今一部界隈で話題沸騰の『テレクラキャノンボール』。その最初の3作が収められた作品。

作品とは関係のない話だけど、昔一度だけナンパをしたことがある。正確には友達とクラブに遊びついでにナンパをするというゲームをしていて、自分はまったくそれができない結果に終わってしまった。今では懐かしい思い出だけど、よくよく考えるとあれほど無力感を味わったゲームもなかった。

この作品ではナンパのプロのいちはらカズ、そしてAV監督のカンパニー松尾、バクシーシ山下、そしてAV男優の花岡じった、平本一穂が現地でテレクラ/ナンパのスピードを競うのだけど、それはもう大変な戦いを強いられることになる。現地で女性を見つけ、口説き、ギャラを支払うことが前提の撮影を交渉する。今のAVでは考えられないような生々しい映像が溢れている。これこそがまさにエログロ。最初の絡みは壮絶で、もしこれが僕にとってのはじめてのAVだとしたらトラウマになったはず。

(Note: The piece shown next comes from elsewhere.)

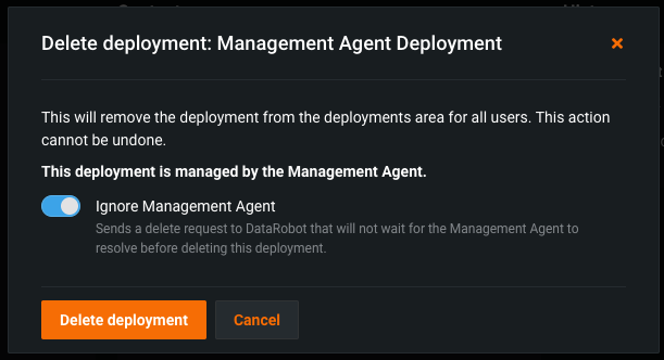 In the Delete deployment dialog box, click Ignore Management Agent, and then click Delete deployment.

しかし彼らはそれを躊躇しない。なぜなら男の子だからだ。

男の子は勝負事に弱い。彼らは負けたくないし、勝てば勝つほどますます地雷に自ら足を突っ込んでいく。そんな馬鹿丸出しの男たちの映像が収められていて、それはもう死ぬほど笑える。AVだけどむしろ笑えるシーンのほうが多いし、実用性を考えるとひどい作品だと思う。

しかし決められたスケジュールに則ってゲームを進めるのに、想像もつかないような事態が次々と起こる。遊びではじまった企画なのに、プレイヤーたちはどんどん狂気に身を委ねる。果たして我々は一体何の映像を観ているのだろうか。さっぱりわからない。だけど入り口で笑えるので何度も観てしまう。男の子ってやっぱりかっこいいし、自分は男の子になれなかった人間だと思い知らされた。

でもカンパニー松尾もこの仲間たちがいたからこそ男の子になれたのかもしれない。仲間って大事だ。